“A fome não espera o peixe crescer”, diz pescador da Baixada

Surubins minúsculos, vendidos nos mercados de Viana.

A frase acima, extraída dos segundos finais de uma matéria televisiva sobre a estiagem na baixada maranhense ilustra bem o desespero das famílias ribeirinhas e, por tabela os apreciadores de peixes da água doce.

Em Viana, nos dois principais pontos de venda, na antiga “Praia”, às margens do lago ou no Centro de Abastecimento, na barra do Sol, dificilmente vão ser encontrados espécies como o Curimatá, Aracu, Pescada Branca, Piranha ou Surubim, em tamanhos ou pesos satisfatórios para consumo, como era até o final da década de oitenta.

Antiga “Praia”- Viana

De lá para cá, a população vianense praticamente triplicou e com ela o consumo nunca mais permitiu o crescimento do pescado. E, para piorar, as condições climáticas, a devastação, a poluição e todos os tipos de agressões à natureza, castigaram impiedosamente o Rosário de Lagos do Maracu e todo o ecossistema da Baixada Maranhense.

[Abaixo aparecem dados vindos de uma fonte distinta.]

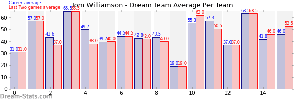 | Brisbane | 2 | 57.0 | 57.0 | 0.0 |
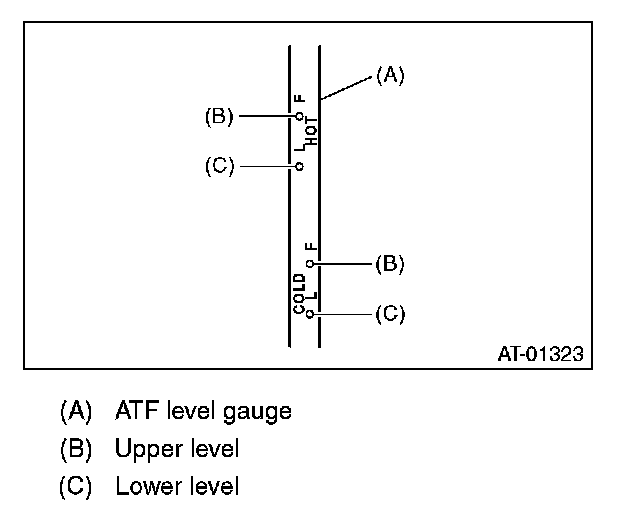 ^ When the transmission is cold, be careful not to add ATF to the upper level. Overfilling of ATF may cause oil splashing.
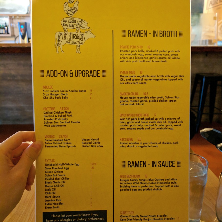 IMG_20180922_183445_301 Published September 23, 2018 at 911 × 911 in Edmonton Restaurant Review: Prairie Noodle Shop Next → Current ramen and extras on their menu.
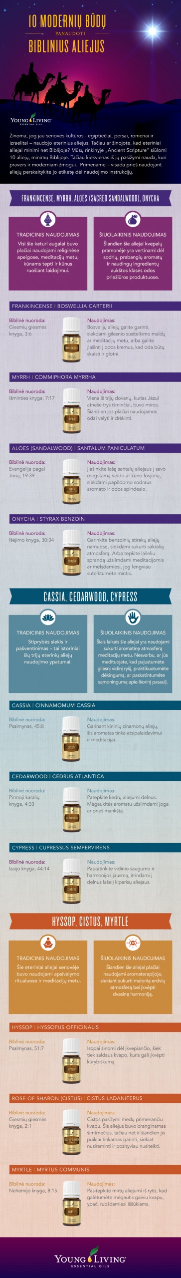 Žinoma, jog jau senovės kultūros – egiptiečiai, persai, romėnai ir izraelitai – naudojo eterinius aliejus. Tačiau ar žinojote, kad eteriniai aliejai minimi net Biblijoje? Mūsų rinkinyje „Ancient Scripture“ siūlomi 10 aliejų, minimų Biblijoje. Tačiau kiekvienas iš jų pasižymi nauda, kuri pravers ir moderniam žmogui. Primename – visada prieš naudojant aliejų perskaitykite jo etiketę dėl naudojimo instrukcijų.
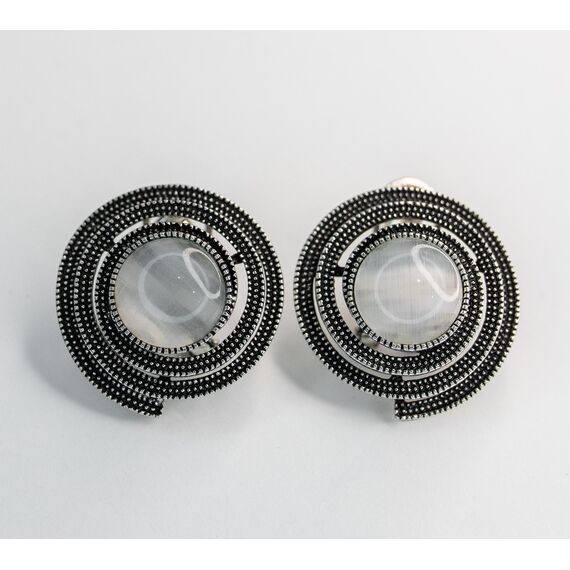 Серьги из гипоаллергенного ювелирного сплава серого цвета . Вставка- агат серого цвета. Итальянский замок (швенза-1,2см и застежка-клипса). Высота серег-2,5см, ширина-2,5см.Диаметр камня-1см.
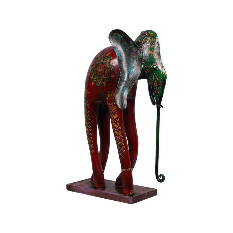 Handcrafted Wood and Metal Elephant with embossed artwork adds elegance to any room. This piece symbolizes mental strength and awakening, making it an ideal housewarming gift.

Diante de uma frágil e ineficiente fiscalização do Ibama, a nossa fauna também foi dizimada, praticamente extinguindo das nossas paisagens as costumeiras revoadas de japiaçocas, marrecas, garças, jaçanãs, entre outros.

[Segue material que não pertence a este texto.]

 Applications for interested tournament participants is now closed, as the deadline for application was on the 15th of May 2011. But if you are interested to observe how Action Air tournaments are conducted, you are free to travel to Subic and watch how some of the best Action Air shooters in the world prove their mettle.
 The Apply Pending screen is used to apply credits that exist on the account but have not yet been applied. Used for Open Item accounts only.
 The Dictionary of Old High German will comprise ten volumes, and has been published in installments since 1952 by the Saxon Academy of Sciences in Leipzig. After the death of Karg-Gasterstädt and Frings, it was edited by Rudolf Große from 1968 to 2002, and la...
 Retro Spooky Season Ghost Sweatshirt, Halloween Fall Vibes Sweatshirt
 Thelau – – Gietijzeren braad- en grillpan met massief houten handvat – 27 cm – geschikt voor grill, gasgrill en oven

E, se as famílias ribeirinhas sofrem com a fome e a estiagem, fica praticamente impossível respeitar o período de defeso (piracema) para os peixes se reproduzirem e crescerem.

Espécies misturadas (peixe de Piracema) sem tempo para crescerem

Nem as espécies mais adaptadas aos poções de água barrenta como a traíra, o jeju, acará, o cascudo (nomes popularmente conhecidos) escapam das armadilhas implacáveis de quem mais precisa, e sai de casa e precisa voltar com o sustento da prole.

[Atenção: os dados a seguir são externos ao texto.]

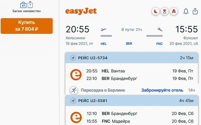 easyJet выполняет авиарейсы с ноября по апрель только по пятницам, в остальное время года — еще и по вторникам. Полет с данной компанией довольно длительный: включая стыковку в Берлине в 13,5–17,5 часа, путешествие занимает 20,5–24,5 ч. Пересадка ночная, поэтому придется дополнительно оплачивать проживание в гостинице. Главное преимущество лоукостера — дешевые билеты с ручной кладью: туда можно купить за 7500–11000 ₽ (80–120 €), туда-обратно — от 17000 ₽ (185 €). Но провоз багажа у easyJet довольно дорогой — за чемодан весом в 15 кг придется заплатить 5500 ₽. Бизнес-класс у оператора недоступен.
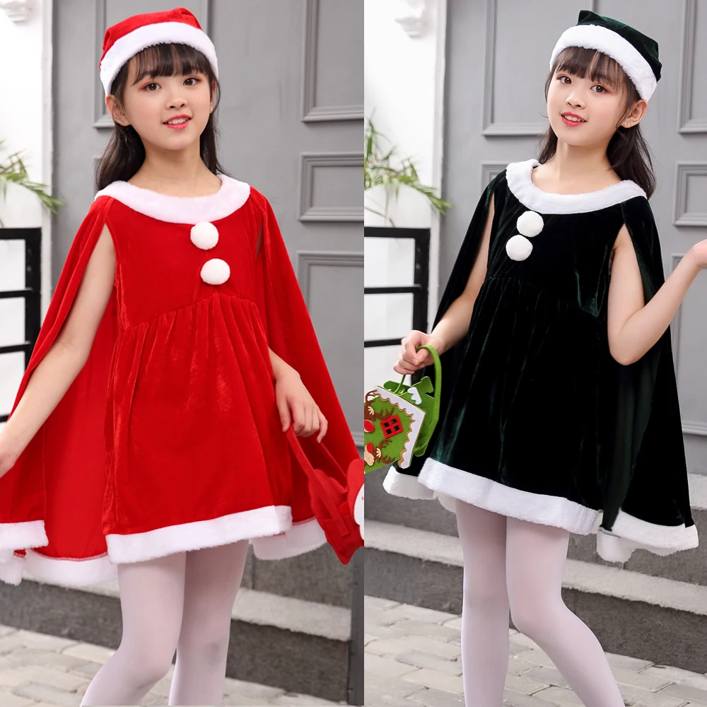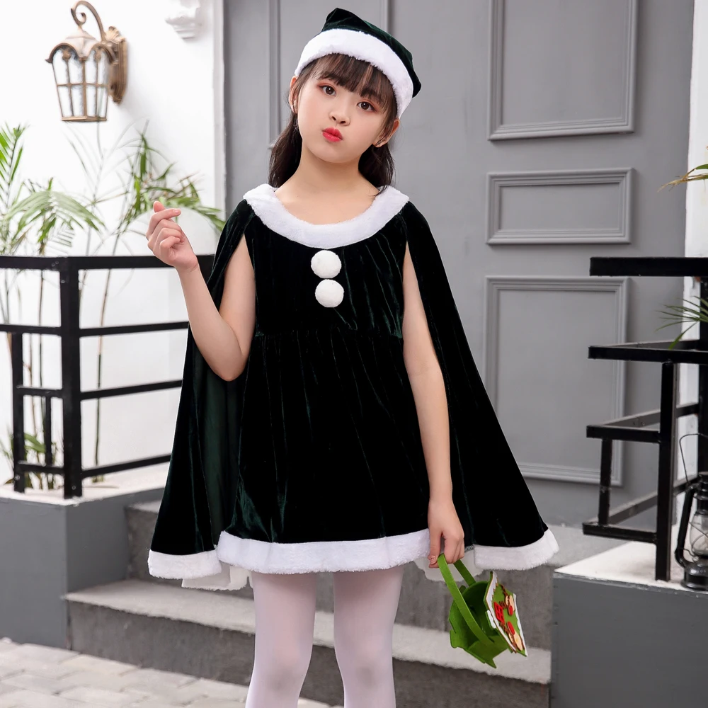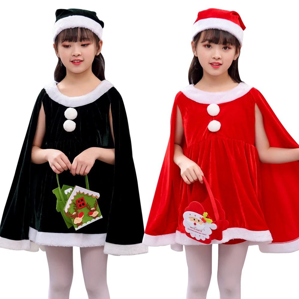Детская Рождественская красно-черная накидка с шортами в стиле аниме, шапка Санта-Клауса, косплей-костюм на осень и зиму для детей на новый год

Os governos, estadual e municipal, tentam correr contra o tempo. Tempo de abandono, de omissão e descaso com a Baixada. Está prometido uma construção de diques, que pretende evitar a invasão da água salgada em nossos campos, outro fator negativo que compromete a reprodução de peixes.

Em algumas cidades vizinhas, já é notório a criação de comercialização de peixes e camarão em cativeiro, prática que a prefeitura de Viana já está incentivando e colocando em prática, por meio de cursos e convênios. E haja tambaqui ou tambacu!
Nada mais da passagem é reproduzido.